C’è stato un momento in cui il quartiere popolare dell’Isolotto di Firenze è stato al centro dell’attenzione mediatica mondiale:
la contestazione del ’68 si era allargata per la prima volta alla chiesa dove un’intera comunità stava praticando le idee del Concilio Vaticano secondo, per una chiesa aperta e senza potere. E l’Isolotto, quartiere popolare ed operaio nato solo pochi anni prima, era il luogo perfetto in cui coltivare legami nuovi e obiettivi comuni.
Ma questi ideali trovarono una forte opposizione da parte dei vertici ecclesiastici, tanto da far decretare l’estromissione del parroco (Enzo Mazzi) e provocare una reazione del quartiere capace di iniziare un’inedita esperienza di autogestione orizzontale, e attenta alle disuguaglianze del mondo. Un’esperienza comunitaria cominciata in chiesa e proseguita nella piazza per oltre trent’anni, ed arrivata fino ad oggi, fuori dal “dominio del sacro”, e arricchita da molteplici iniziative sociali.

“Mi sono trasferito nel quartiere fiorentino dell’Isolotto circa dodici anni fa ed è stato subito un colpo di fulmine. Ho scoperto un quartiere con un’identità decisa ed un’architettura felice, in mezzo al verde e sulla riva dell’Arno. E sopratutto con una storia incredibilmente forte a dispetto dei suoi soli 60 anni di vita.
Mi sono emozionato a sentire i racconti della consegna delle case ad un popolo di diseredati, a vedere le foto dell’occupazione dell’area della Montagnola, grazie alla quale è nata una scuola materna anziché un night club (!) Mi sono appassionato ai racconti e alle sperimentazioni di una didattica diversa e inclusiva che continuano in una scuola ancora all’avanguardia.
E sono arrivato a guardare con stupore e ammirazione le immagini della Piazza dell’Isolotto, colma di persone per difendere la loro identità e i loro ideali dagli attacchi di una chiesa verticistica e reazionaria. E sono stato colpito dai giornalisti di mezzo mondo atterrati in questo angolo di città per raccontare un’altra faccia della contestazione del 68.
Mi è sempre piaciuto raccontare storie della mia città, a partire dal Social Forum di Firenze, fino all’Oltrarno de L’Ultima Zingarata di Monicelli, del grandioso Cinema Universale (prima in documentario poi in un film) per arrivare ai racconti privati del lockdown in Firenze Sotto Vetro.
Il mio quartiere poteva essere adesso l’oggetto di un’altra storia da raccontare.
L’occasione è arrivata grazie alla Comunità dell’Isolotto che voleva riportare la sua storia in un video che ne potesse sintetizzare le varie fasi: l’idea di partenza era quella di un lavoro breve, molto più vicino al documento video che al documentario vero e proprio.
L’incontro con la storia, le persone e l’umanità della Comunità ha cambiato le sorti e il senso di questo lavoro. 
Parlando con loro, sono riuscito a capire l’origine di questo movimento che, grazie anche alle figure di Enzo Mazzi e Sergio Gomiti, era riuscito a creare dal niente un’identità collettiva talmente forte da mettere in discussione appartenenze politiche e fedi religiose, a fronte della tutela di un bene realmente comune.

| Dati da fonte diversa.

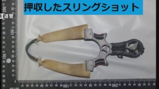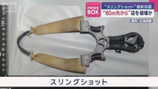 「カラスを撃つために使っている」スリングショットで鉄球発射。店舗の窓ガラスに命中させ、破壊した無職の男(33)が逮捕される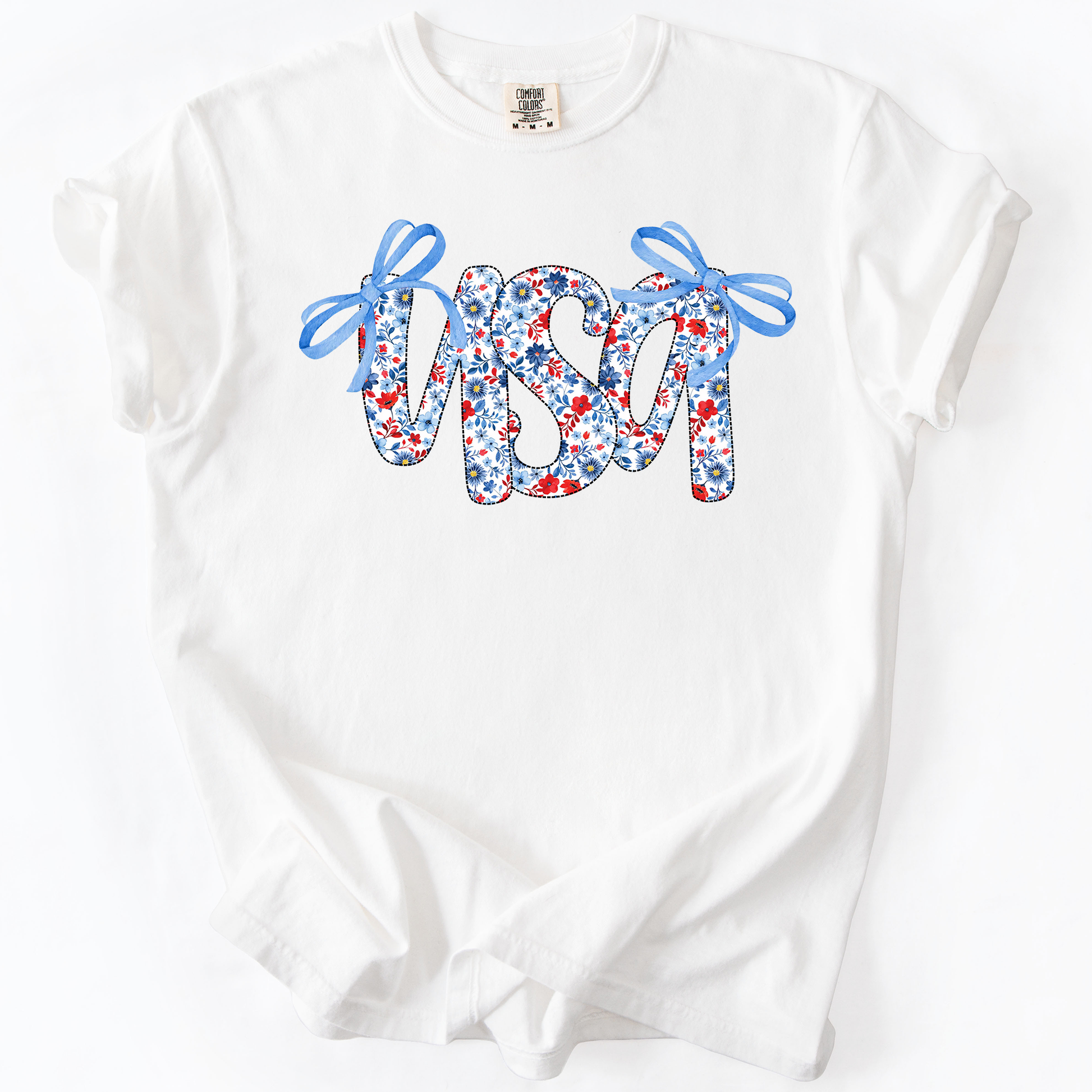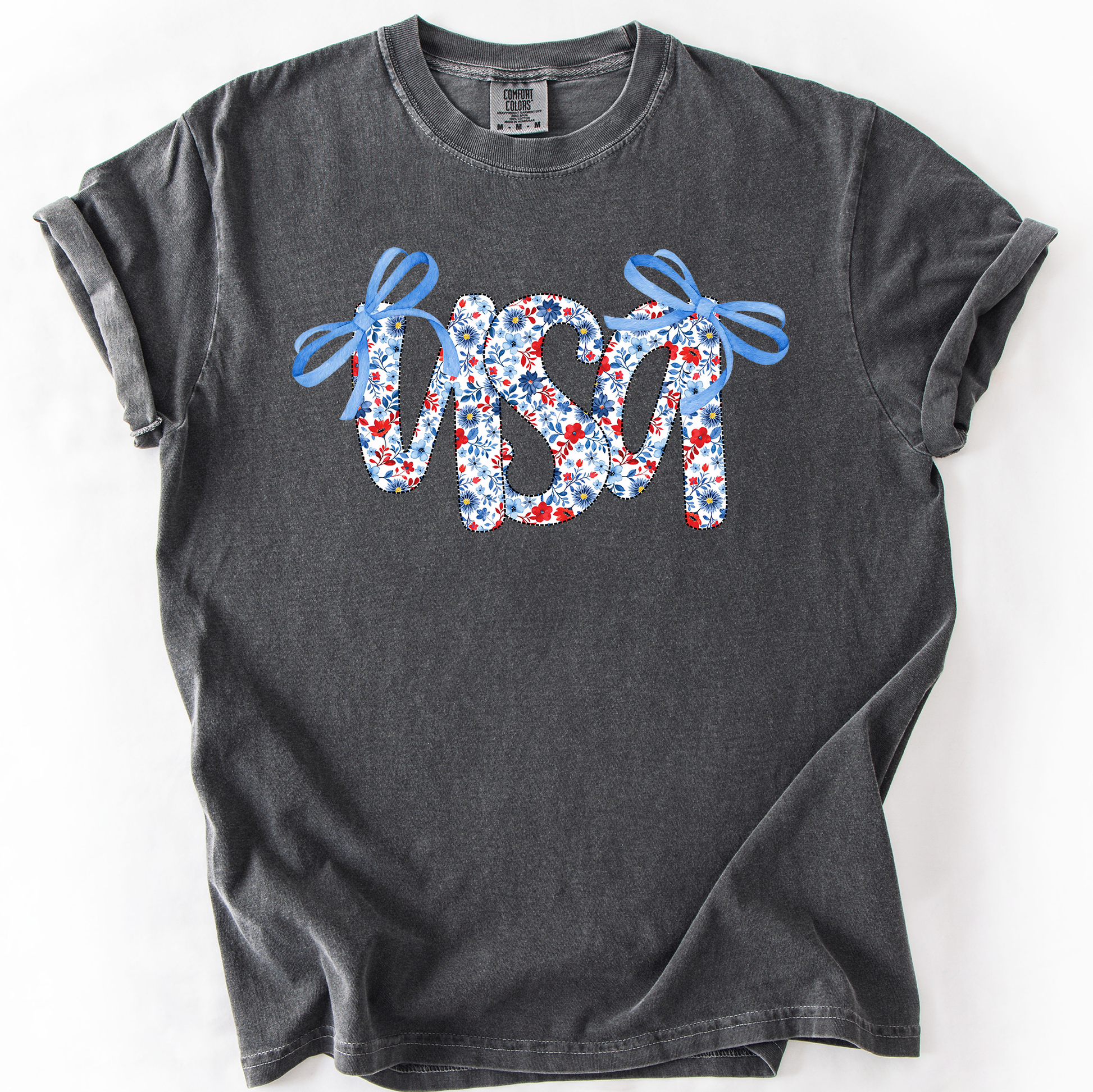 Celebrate your love for America in style with the USA, Patriotic Floral Patterns, Ribbons, Fourth of July, America, Comfort Colors T-Shirt. This t-shirt is more than just apparel; it is a vibrant expression of your patriotic spirit, perfect for any occasion!

Prima ancora del 68, l’apertura della chiesa alle assemblee sindacali degli operai delle Officine Galileo rappresenta uno degli elementi che mi hanno maggiormente trasmesso il senso di quell’esperienza. Un’esperienza che si allargava alle difficoltà degli ultimi, e affrontava i problemi contemporanei secondo un concetto evangelico decisamente lontano rispetto a quello che avevo conosciuto da ragazzo ( e da cui quindi mi ero prontamente distaccato sentendomi fortemente anticlericale).
Piano piano questo racconto è diventato un documentario vero e proprio, grazie anche alla forza dei materiali dell’archivio storico della Comunità e all’energia e disponibilità di molti, primo fra tutti il direttore della fotografia Giuseppe Catalanotto.
Ho voluto prediligere un racconto corale e condiviso, senza protagonisti ne’ voci narranti, come mi è parsa realmente essere la storia della Comunità: una storia fatta da molte voci, con una leadership sempre più condivisa e caratterizzata da una coesione non comune, sospinta dalla forza di quegli ideali che hanno permesso di scrivere una storia paradigmatica e sommessamente rivoluzionaria.”